Solaris Resource Manager is built around a fundamental addition to the Solaris kernel called the lnode (limit node). Lnodes correspond to UNIX user IDs (UIDs) and can represent individual users, groups of users, applications, and special requirements. Lnodes are indexed by UID; they are used to record resource allocation policies and accrued resource usage data by processes at the user, group, and application levels.

Although an lnode is identified by UID, it is separate from the credentials that affect permissions. The credential structure determines whether a process can read, write, and modify a file. The lnode structure is used to track the resource limits and usage.

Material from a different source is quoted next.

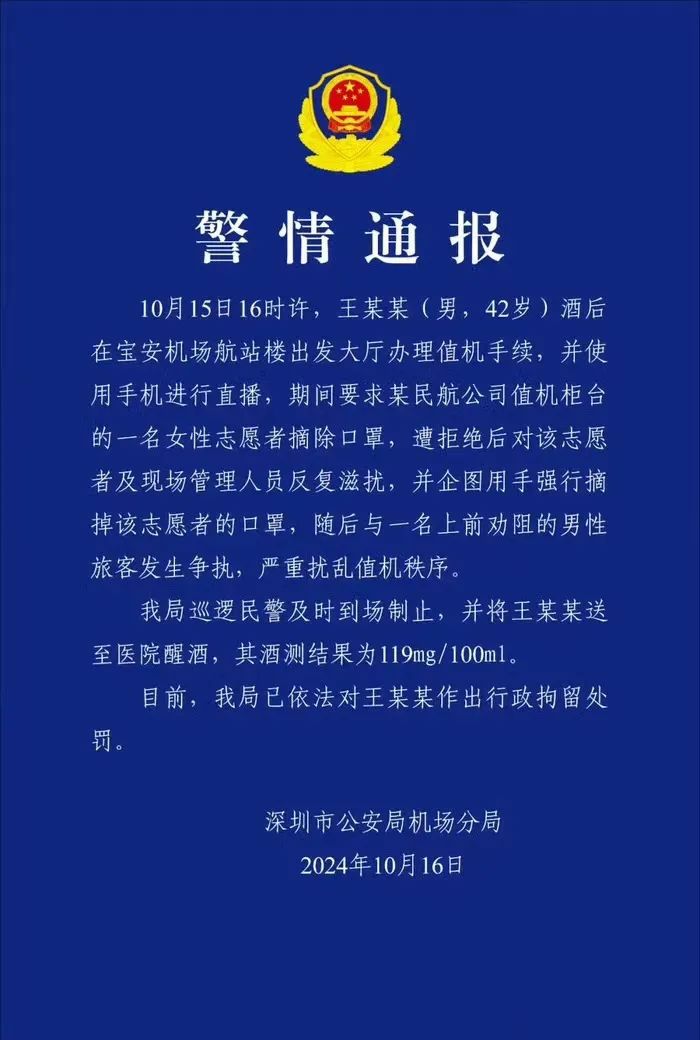 目前,深圳市公安局机场分局已依法对王某某作出行政拘留处罚。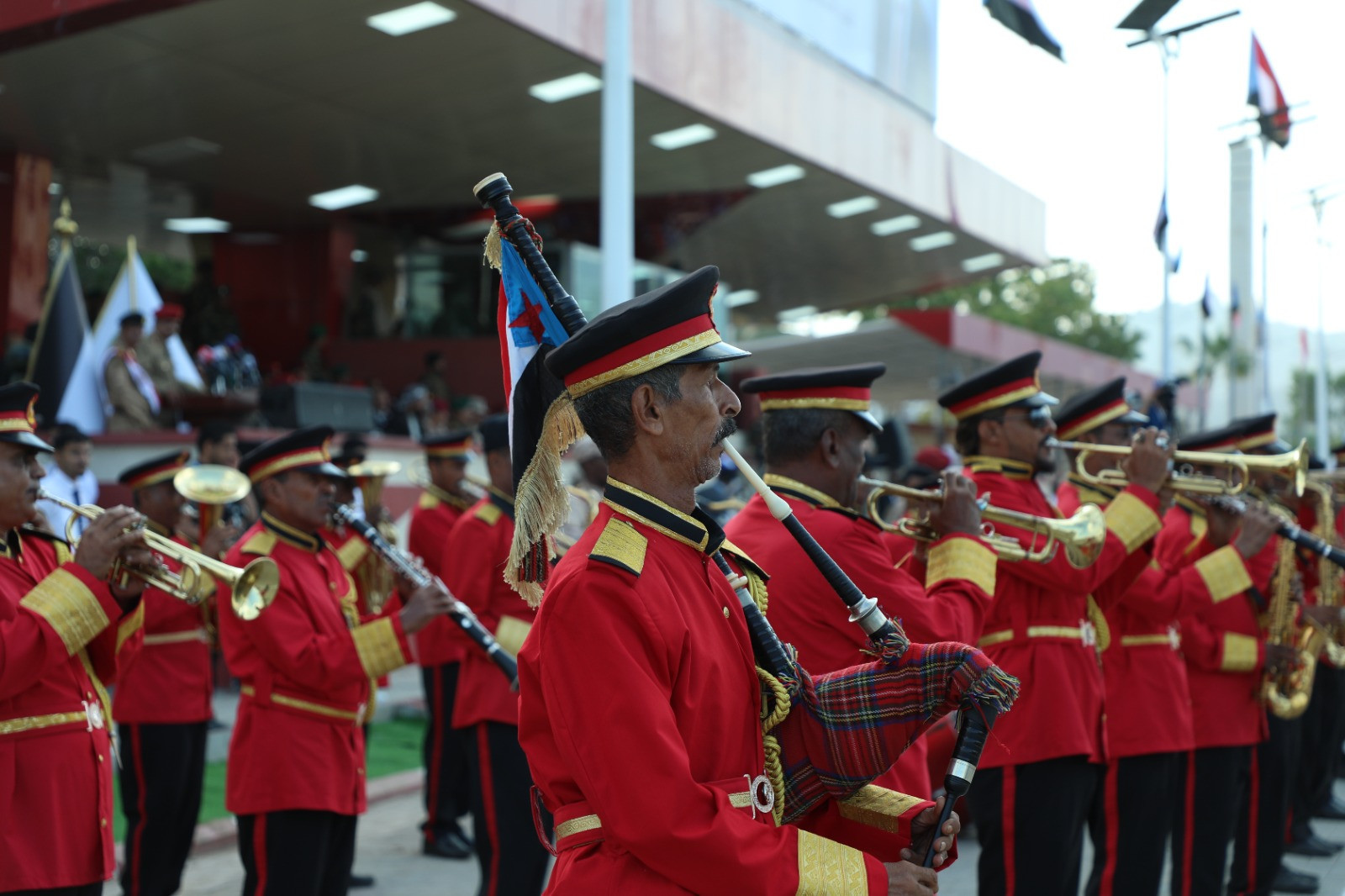 ووجّه الرئيس الزُبيدي، في مستهل العرض الذي استهل بالسلام الوطني الجنوبي، تحية عسكرية للوحدات العسكرية والأمنية المشاركة، إيذانًا بانطلاق العرض المهيب، الذي جسّد مستوى الجاهزية العالية والانضباط القتالي والمهني للقوات المسلحة الجنوبية، وعكس ما تحققه من تطور في البناء والتنظيم والانضباط.

In certain cases, a user might want to use a different set of limits. This is accomplished by using srmuser(1SRM) to attach to a different lnode. Note that this change does not affect the credential structure, which is still associated with the original UID, and that the process still retains the same permissions.

Resource Management

Hierarchical Structure

The Solaris Resource Manager management model organizes lnodes into a hierarchical structure called the scheduling tree. The scheduling tree is organized by UID: each lnode references the UID of the lnode's parent in the tree.

Each sub-tree of the scheduling tree is called a scheduling group, and the user at the root of a scheduling group is the group header. (The root user is the group header of the entire scheduling tree.) Setting the flag flag.admin delegates the ability to manage resource policies within the scheduling group to the group header.

Lnodes are initially created by parsing the UID file. After Solaris Resource Manager has been installed, the lnode administration command (limadm(1MSRM)) is used to create additional lnodes and assign them to parents. The scheduling tree data is stored in a flat file database that can be modified as required using limadm.

Although a UID used by an lnode does not have to correspond to a system account, with an entry in the system password map, it is recommended that a system account be created for the UID of every lnode. In the case of a non-leaf lnode (one with subordinate lnodes below it in the hierarchy), it is possible for the account associated with the lnode to be purely administrative; no one ever logs in to it. However, it is equally possible that it is the lnode of a real user who does log in and run processes attached to this non-leaf lnode.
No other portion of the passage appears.